A medida que soplamos velas, el cuerpo comienza a enviar señales de que necesita un cuidado diferente. Gestos que antes eran automáticos, como abrocharse los zapatos o levantarse de un sofá profundo, pueden empezar a generar cierta resistencia o incomodidad. Sin embargo, el paso del tiempo no tiene por qué ser sinónimo de rigidez. Según los expertos, la clave para mantener una vida autónoma y activa reside en trabajar la flexibilidad de forma constante.
La instructora Cristina Ponce ha compartido una propuesta diseñada específicamente para quienes han cruzado la barrera de los 50 años. Se trata de tres movimientos básicos de Pilates que, realizados con regularidad, prometen devolver al cuerpo esa sensación de ligereza y soltura necesaria para las tareas cotidianas.
1. Caderas flexibles para un paso firme
El primer ejercicio se centra en la pelvis y la cadera, zonas que suelen "bloquearse" por pasar mucho tiempo sentados. La técnica es sencilla: sentado en el borde de una silla, se cruza un tobillo sobre la rodilla contraria. Desde ahí, el objetivo es inclinar suavemente el pecho hacia adelante mientras se respira profundamente. Este estiramiento ayuda a liberar la tensión acumulada y facilita movimientos tan simples como cruzar las piernas o caminar con mayor zancada.
2. Estiramiento contra el acortamiento muscular
Para el segundo movimiento, la silla sirve como apoyo lateral. Al colocar un pie sobre el asiento y dejar caer el tronco hacia ese lado, se trabaja la parte posterior de la pierna y el costado del cuerpo. Este ejercicio es vital para combatir el acortamiento de los músculos isquiotibiales, los cuales, si están rígidos, suelen derivar en molestos dolores de espalda baja o lumbago.

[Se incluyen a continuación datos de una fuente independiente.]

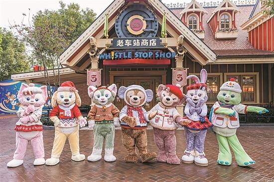 玲娜贝儿(左一)与其所在的达菲家族换上最新的冬日服装卖萌迎客

3. Recuperar el giro natural de la columna
Finalmente, Ponce recomienda trabajar la movilidad lateral de la columna. Apoyando una mano en el respaldo de la silla y estirando el brazo opuesto hacia el techo, se realiza una curva lateral con el torso. Este gesto, que rara vez practicamos en el día a día, es fundamental para mantener la columna joven, mejorar la postura y ampliar la capacidad de respiración al abrir la caja torácica.
La constancia es el mejor aliado en esta etapa de la vida. Dedicar apenas unos minutos al día a estos estiramientos puede marcar la diferencia entre sentirse limitado por la edad o disfrutar de un cuerpo capaz de seguir nuestro ritmo.